Tu historia es testimonio

     ¡Tu historia importa! Ese es el mensaje que exploraremos durante los próximos días. Puede que te consideres una persona común y corriente, pero si has visto a Dios obrar en tu vida, llevas contigo algo de gran valor eterno.

   Hoy estamos acostumbrados a pensar en la iglesia en términos de plataformas, influencia o visibilidad.
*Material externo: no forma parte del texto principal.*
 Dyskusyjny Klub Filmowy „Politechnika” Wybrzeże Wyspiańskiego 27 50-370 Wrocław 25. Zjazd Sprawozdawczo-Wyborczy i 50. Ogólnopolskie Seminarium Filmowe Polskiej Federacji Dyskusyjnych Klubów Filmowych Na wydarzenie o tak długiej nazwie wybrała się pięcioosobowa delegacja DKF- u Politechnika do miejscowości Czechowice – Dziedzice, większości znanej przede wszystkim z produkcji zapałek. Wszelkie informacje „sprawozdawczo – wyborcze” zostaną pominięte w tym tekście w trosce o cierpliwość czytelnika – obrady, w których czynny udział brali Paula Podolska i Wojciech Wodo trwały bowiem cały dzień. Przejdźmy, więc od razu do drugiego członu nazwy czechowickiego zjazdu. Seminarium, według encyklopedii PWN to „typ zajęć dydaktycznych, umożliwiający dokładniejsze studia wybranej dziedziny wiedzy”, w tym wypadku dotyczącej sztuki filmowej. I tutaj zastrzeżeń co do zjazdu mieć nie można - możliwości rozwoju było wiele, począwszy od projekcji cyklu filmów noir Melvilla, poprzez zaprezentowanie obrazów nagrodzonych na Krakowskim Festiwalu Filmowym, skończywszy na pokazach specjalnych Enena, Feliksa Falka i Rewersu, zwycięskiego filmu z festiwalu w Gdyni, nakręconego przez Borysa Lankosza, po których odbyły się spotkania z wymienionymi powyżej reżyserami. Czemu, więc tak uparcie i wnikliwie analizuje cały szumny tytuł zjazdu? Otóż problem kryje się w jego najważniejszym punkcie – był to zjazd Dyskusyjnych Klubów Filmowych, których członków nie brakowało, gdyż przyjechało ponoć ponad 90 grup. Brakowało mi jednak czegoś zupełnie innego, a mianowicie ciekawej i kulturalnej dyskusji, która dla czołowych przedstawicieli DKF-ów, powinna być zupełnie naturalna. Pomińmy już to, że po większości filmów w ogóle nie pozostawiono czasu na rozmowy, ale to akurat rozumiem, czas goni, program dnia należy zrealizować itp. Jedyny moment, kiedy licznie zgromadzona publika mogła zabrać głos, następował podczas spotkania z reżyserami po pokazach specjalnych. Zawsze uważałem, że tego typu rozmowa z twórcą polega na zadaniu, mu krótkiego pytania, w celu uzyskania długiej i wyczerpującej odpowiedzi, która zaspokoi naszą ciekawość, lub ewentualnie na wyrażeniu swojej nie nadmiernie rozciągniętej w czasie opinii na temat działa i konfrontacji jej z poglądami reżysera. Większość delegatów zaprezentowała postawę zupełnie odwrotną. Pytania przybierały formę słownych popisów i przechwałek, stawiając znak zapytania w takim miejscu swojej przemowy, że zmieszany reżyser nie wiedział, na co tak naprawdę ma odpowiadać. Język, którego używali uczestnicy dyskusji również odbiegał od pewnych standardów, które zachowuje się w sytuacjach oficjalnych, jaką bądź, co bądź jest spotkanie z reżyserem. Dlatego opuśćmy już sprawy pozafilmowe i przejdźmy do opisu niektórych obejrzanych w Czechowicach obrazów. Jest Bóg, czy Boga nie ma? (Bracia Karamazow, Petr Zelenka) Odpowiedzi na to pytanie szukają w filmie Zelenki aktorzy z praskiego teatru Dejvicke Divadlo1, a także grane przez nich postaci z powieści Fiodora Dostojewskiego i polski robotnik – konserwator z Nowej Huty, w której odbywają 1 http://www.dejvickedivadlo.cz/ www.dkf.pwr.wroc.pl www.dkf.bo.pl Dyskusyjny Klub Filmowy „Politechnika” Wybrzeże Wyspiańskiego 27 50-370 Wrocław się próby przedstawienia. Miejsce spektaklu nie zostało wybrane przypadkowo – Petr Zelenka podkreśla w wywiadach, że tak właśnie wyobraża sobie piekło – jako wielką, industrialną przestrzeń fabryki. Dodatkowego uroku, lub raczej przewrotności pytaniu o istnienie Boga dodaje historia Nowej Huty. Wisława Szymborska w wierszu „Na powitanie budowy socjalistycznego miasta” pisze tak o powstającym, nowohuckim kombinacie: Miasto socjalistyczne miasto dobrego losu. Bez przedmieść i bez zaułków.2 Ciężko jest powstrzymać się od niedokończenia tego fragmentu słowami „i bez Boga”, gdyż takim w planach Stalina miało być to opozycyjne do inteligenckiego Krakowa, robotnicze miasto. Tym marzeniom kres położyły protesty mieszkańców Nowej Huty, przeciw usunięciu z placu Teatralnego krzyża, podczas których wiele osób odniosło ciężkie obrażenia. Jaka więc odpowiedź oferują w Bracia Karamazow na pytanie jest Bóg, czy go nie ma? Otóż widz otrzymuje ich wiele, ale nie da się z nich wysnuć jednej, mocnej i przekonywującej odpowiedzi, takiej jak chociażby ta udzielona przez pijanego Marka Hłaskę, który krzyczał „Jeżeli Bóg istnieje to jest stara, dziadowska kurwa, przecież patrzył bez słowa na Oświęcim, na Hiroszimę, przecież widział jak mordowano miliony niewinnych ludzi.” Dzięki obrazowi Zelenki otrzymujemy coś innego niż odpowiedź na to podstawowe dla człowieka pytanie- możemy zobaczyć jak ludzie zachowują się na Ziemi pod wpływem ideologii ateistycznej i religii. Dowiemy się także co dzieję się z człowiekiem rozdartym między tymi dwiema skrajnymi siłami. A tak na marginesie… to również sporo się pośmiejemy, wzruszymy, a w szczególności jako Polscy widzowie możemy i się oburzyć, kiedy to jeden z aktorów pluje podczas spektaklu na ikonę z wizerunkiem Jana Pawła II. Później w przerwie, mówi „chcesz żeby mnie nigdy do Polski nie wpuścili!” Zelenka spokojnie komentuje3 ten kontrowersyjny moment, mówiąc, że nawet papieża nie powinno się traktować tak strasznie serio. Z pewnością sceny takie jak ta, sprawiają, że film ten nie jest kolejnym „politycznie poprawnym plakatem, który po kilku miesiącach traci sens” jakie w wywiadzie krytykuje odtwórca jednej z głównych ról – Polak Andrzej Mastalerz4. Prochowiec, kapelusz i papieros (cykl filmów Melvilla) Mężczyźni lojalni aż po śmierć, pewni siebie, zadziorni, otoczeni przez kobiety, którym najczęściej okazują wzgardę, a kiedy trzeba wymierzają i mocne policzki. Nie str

Sin embargo, los primeros seguidores de Jesús no tenían nada de eso. Eran una minoría, muchas veces perseguida, sin poder ni reconocimiento social. Y aún así, la iglesia creció de manera sorprendente.

  ¿ Qué fue lo que impulsó ese crecimiento?

  Habian encontrado al Cristo resucitado y no podían guardar silencio. Sus testimonios, guiados por el Espíritu Santo, comenzaron a transformar las comunidades donde vivían.

  En el pasaje de hoy, Jesús pronuncia sus últimas palabras antes de ascender al cielo: "Recibirán poder cuando venga sobre ustedes el Espíritu Santo y serán mis testigos." 

  Observa algo importante: Jesús no pidió que todos fueran grandes maestros, líderes influyentes o expertos en teología. Los llamó a ser testigos.

   Un testigo simplemente cuenta lo que ha visto y lo que ha experimentado.

   Eso era exactamente lo que los discípulos tenían. No poseían edificios, recursos ni poder político. Solo tenían una historia: habían visto a Jesús morir en la cruz... y lo habían visto vivo nuevamente.

  "Pero cuando venga sobre ustedes el Espíritu Santo recibirán poder, y serán mis testigos en Jerusalén, en Judea, en Samaria, y hasta lo último de la tierra." (Hechos 1:8).